Clueless that I may have perhaps among countless unsuspecting others been added to make up the numbers, I began exploring a referral somewhere upstairs in the ruling party.

Late at night, Sushil Kumar Modi, the senior BJP leader in Bihar, returned my call. I had left a message for him on remembering that his voice-recorded message had implored me to join the BJP just a few days earlier. “I had seen this system to boost membership drive of parties on a visit to the United States in the early 90s,” Modi said while admitting to the frailties of technology in such an exercise. “Unfortunately, technology like this is both deaf and dumb,” he said, promising that he’ll try to disrobe me of my saffron cloak.

Till that happens, I continue to be dumb-founded.

When asked to comment, BJP secretary Srikant Sharma said, “This is just the initial drive which will continue till April 30. In the next stage, verification of members will be done through door-to-door ‘Jan Sampark’ or public contact programme.
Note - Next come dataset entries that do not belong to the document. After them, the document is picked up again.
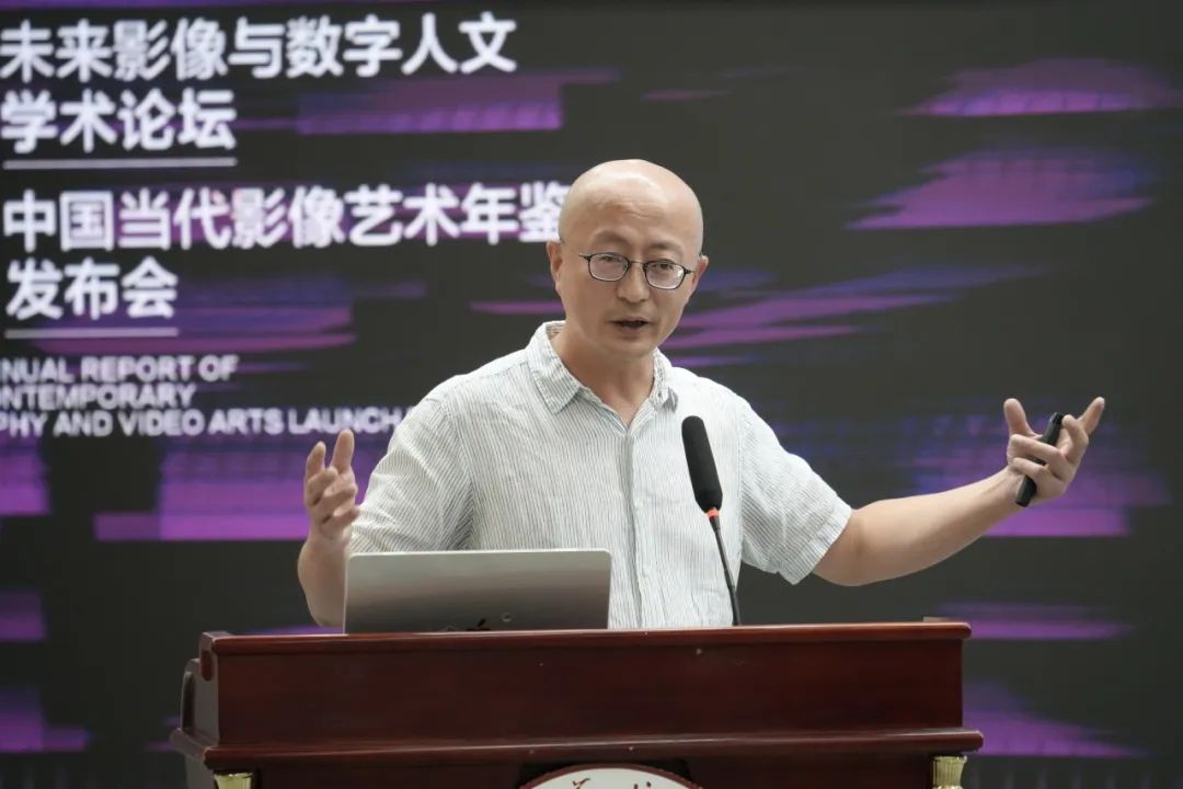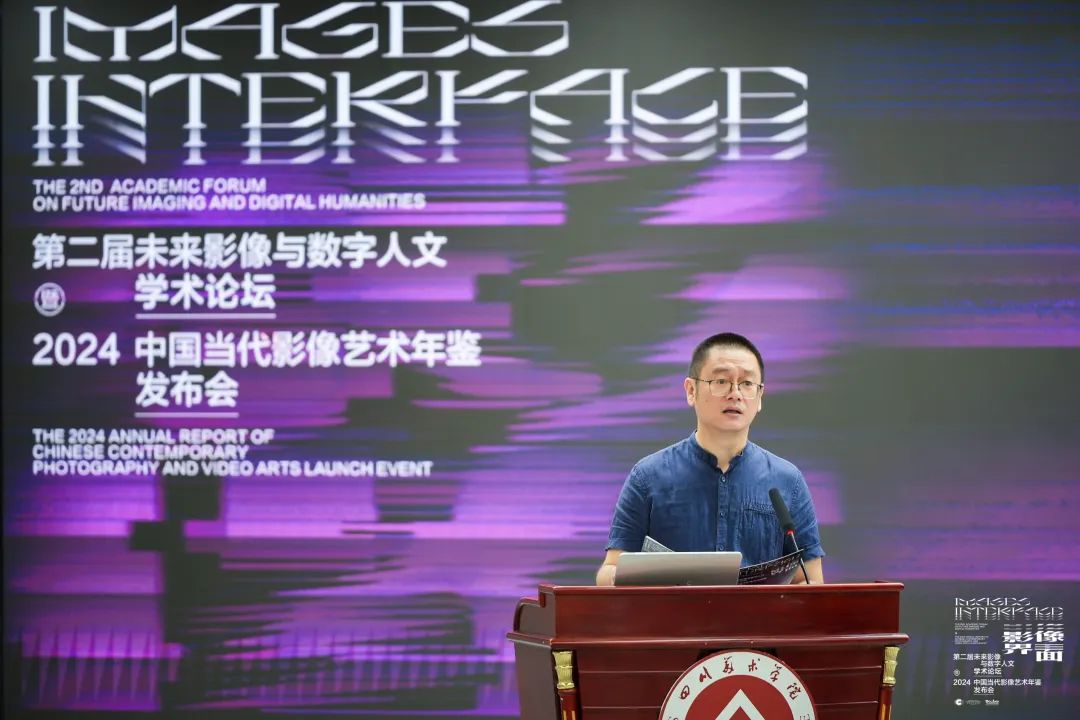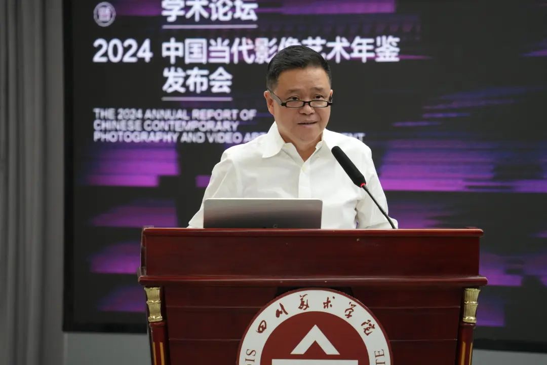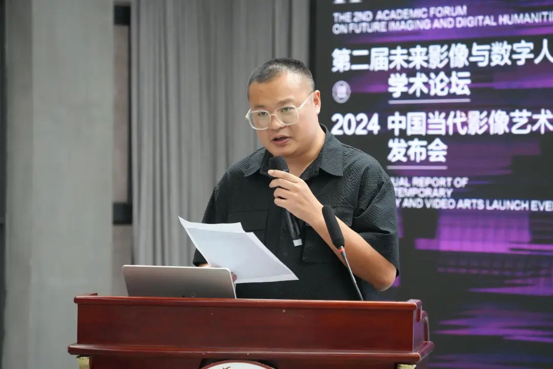 中国当代影像艺术年鉴2024年度报告发布现场,执行总监施瀚涛作主题报告
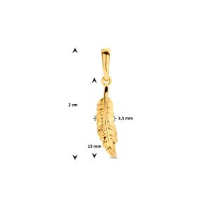 14k Geelgoud hanger uitgevoerd met een veer. De hanger heeft een totale hoogte van 2cm. Het veer heeft een afmeting van 15×3.5mm.
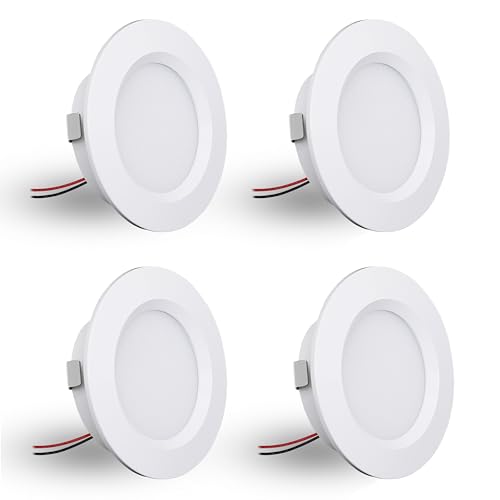DYKUWEY Infälld LED-spotlight, dimbar 12 V LED-spotlight, 3 W extra platt infälld spotlight 14 mm, IP44 spotlight badrum hål 55 mm, takspotlights för husbil kök, set om 4 (vit, varm vit 3 000 k)
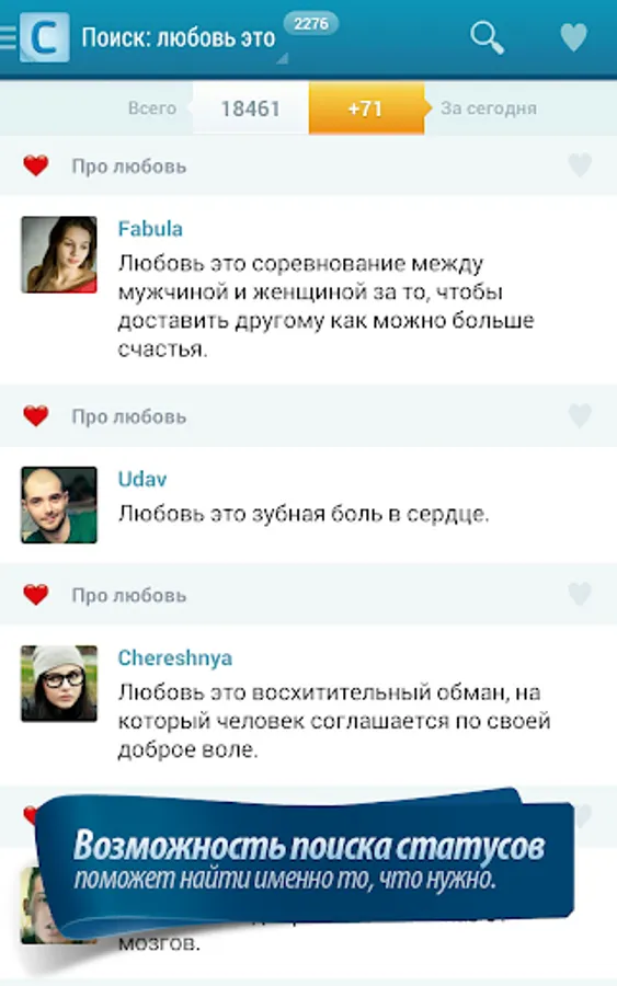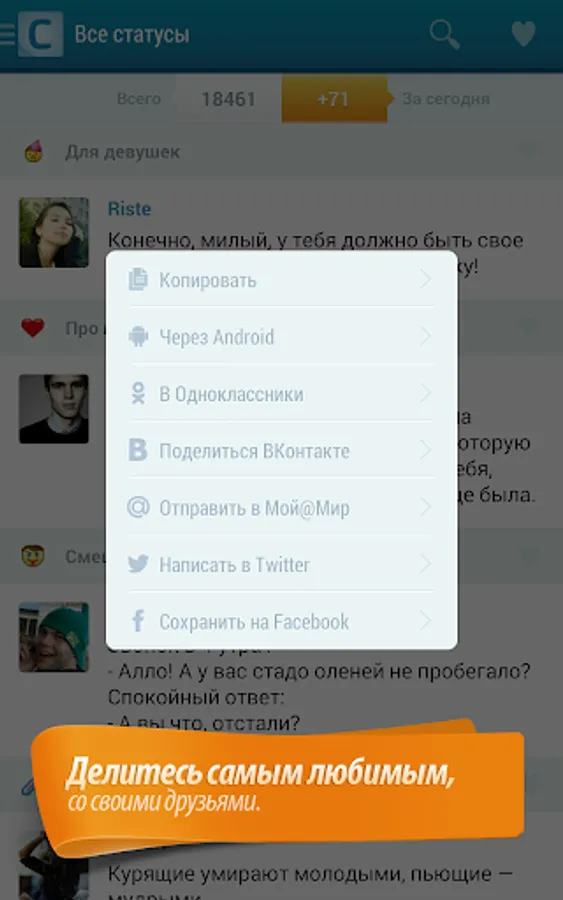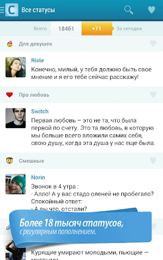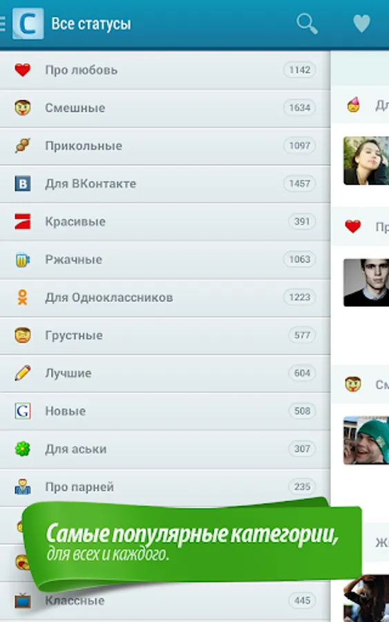➋ More than 40 categories, including such as: statuses for VKontakte, Odnoklassniki, or ICQ, Fun, About Love, Funny, Sad, Beautiful, Pro or Pro guys and girls this is not a complete list.
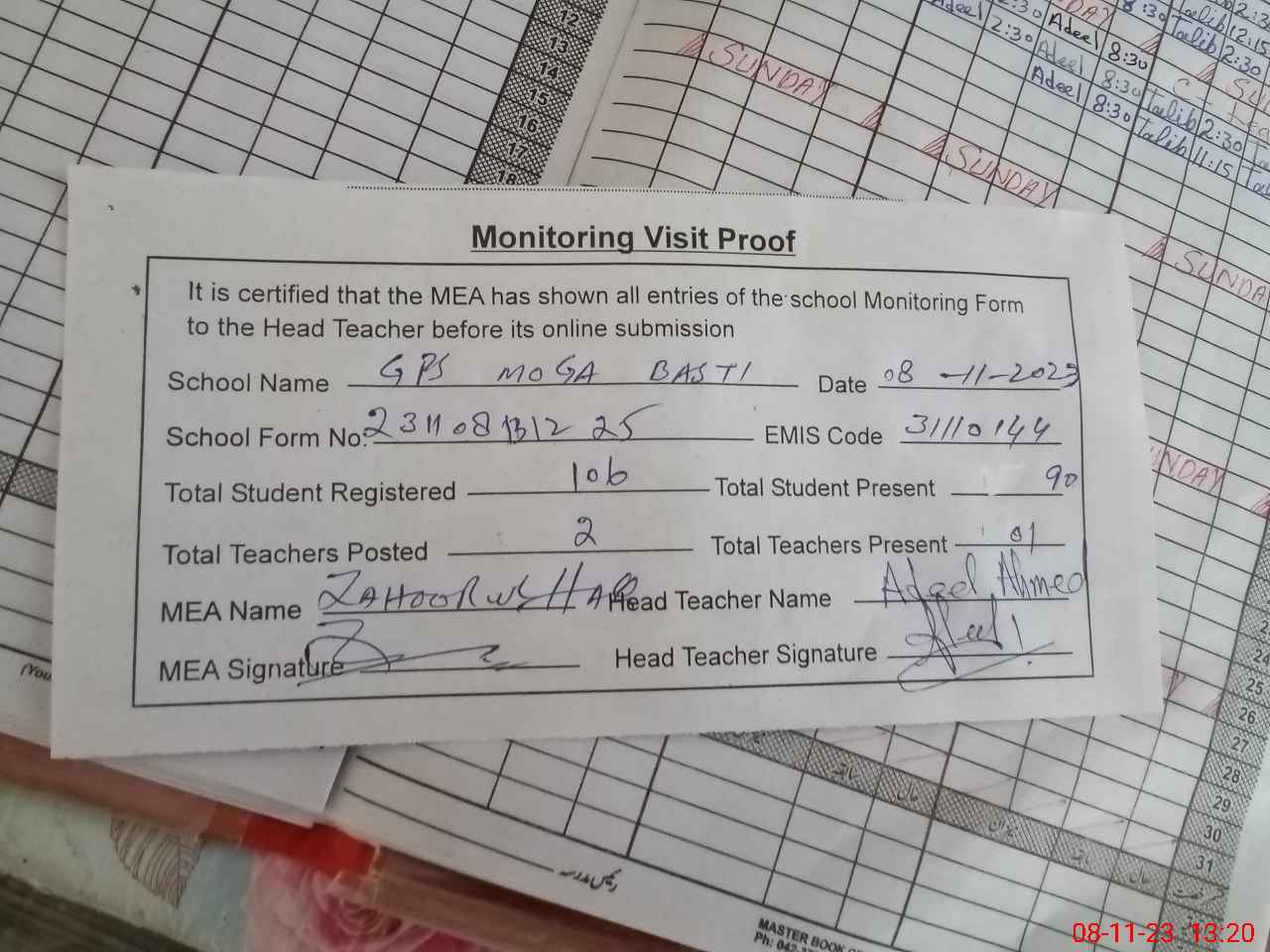 | Attendance Register | Head Teacher | MEA with School | Visit Proof |
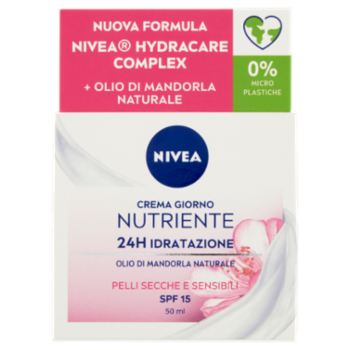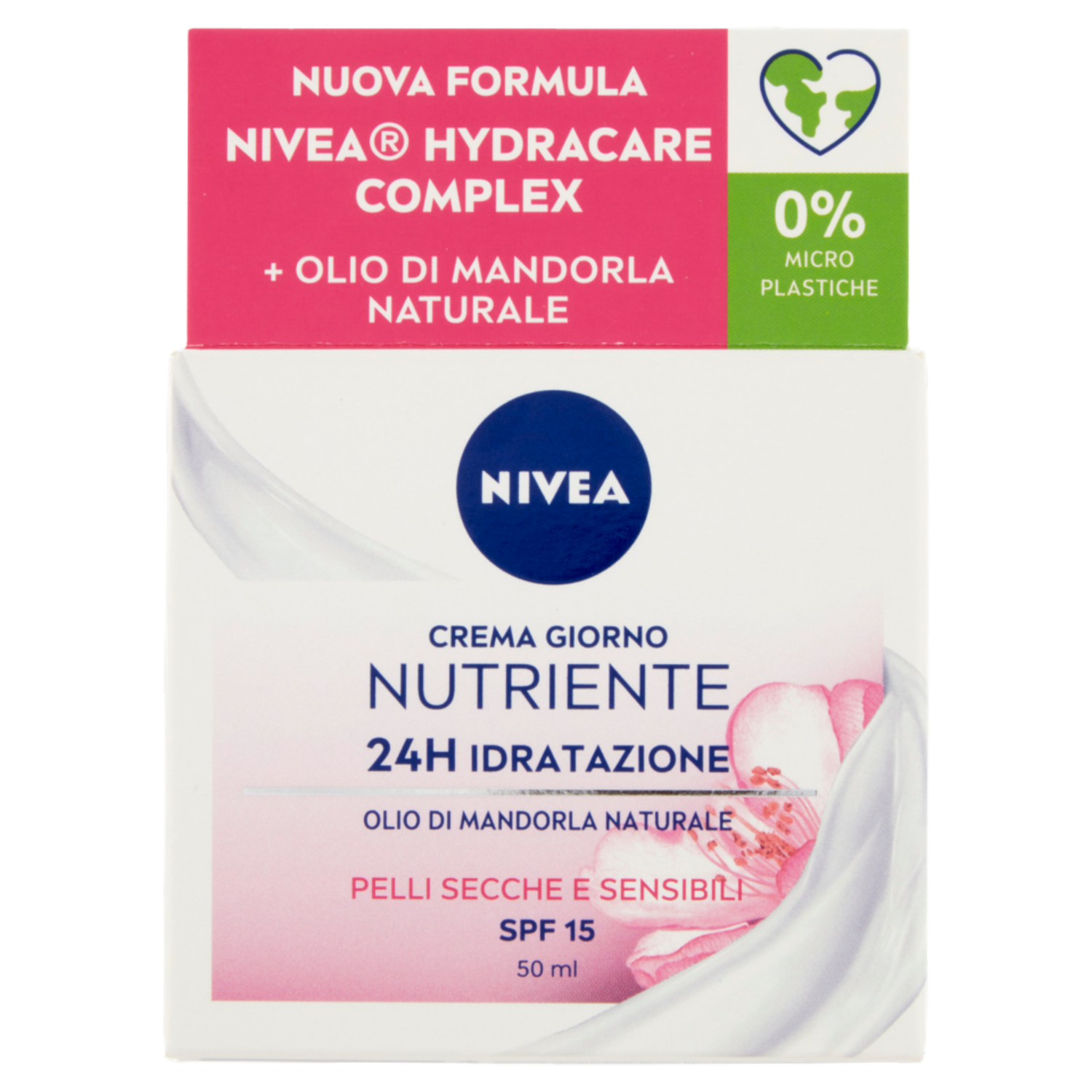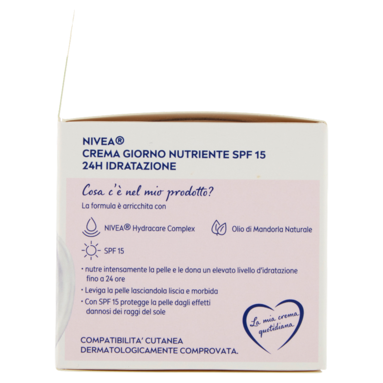 Per una pelle morbida e vellutata: La sua formula ricca, dalla texture setosa a rapido assorbimento idrata intensamente e protegge, per una pelle straordinariamente liscia e morbida. Nivea si prende cura della tua pelle & del pianeta - Formula senza microplastiche - Formula vegana* - Vaso completamente riciclabile** www.nivea.it/sostenibilita *Non sono presenti ingredienti di origine animale **escluso l'involucro protettivo tra la crema e il tappo Nivea Crema giorno nutriente SPF 15 24h idratazione Cosa c'è nel mio prodotto? La formula è arricchita con Nivea Hydracare Complex, Olio di Mandorla Naturale, SPF 15 - nutre intensamente la pelle e le dona un elevato livello d'idratazione fino a 24 ore - Leviga la pelle lasciandola liscia e morbida - Con SPF 15 protegge la pelle dagli effetti dannosi dei raggi del sole La mia crema quotidiana Compatibilità cutanea dermatologicamente comprovata.

In stage three, all new members who are not eligible or do not want to remain members will be weeded out. After that, training camps for active members will be conducted. This is a transparent system, which will reach the next stage only after verification.”

Postscript: Sushil Modi kept his word. A call from his office on Monday afternoon was followed by another from BJP headquarters in New Delhi. Nikhil Singh, the caller, had retrieved my ‘no thanks’ message. “Your name is being removed now,” he politely said, adding that all numbers added would be revisited after the conclusion of the membership drive to remove reluctant new members.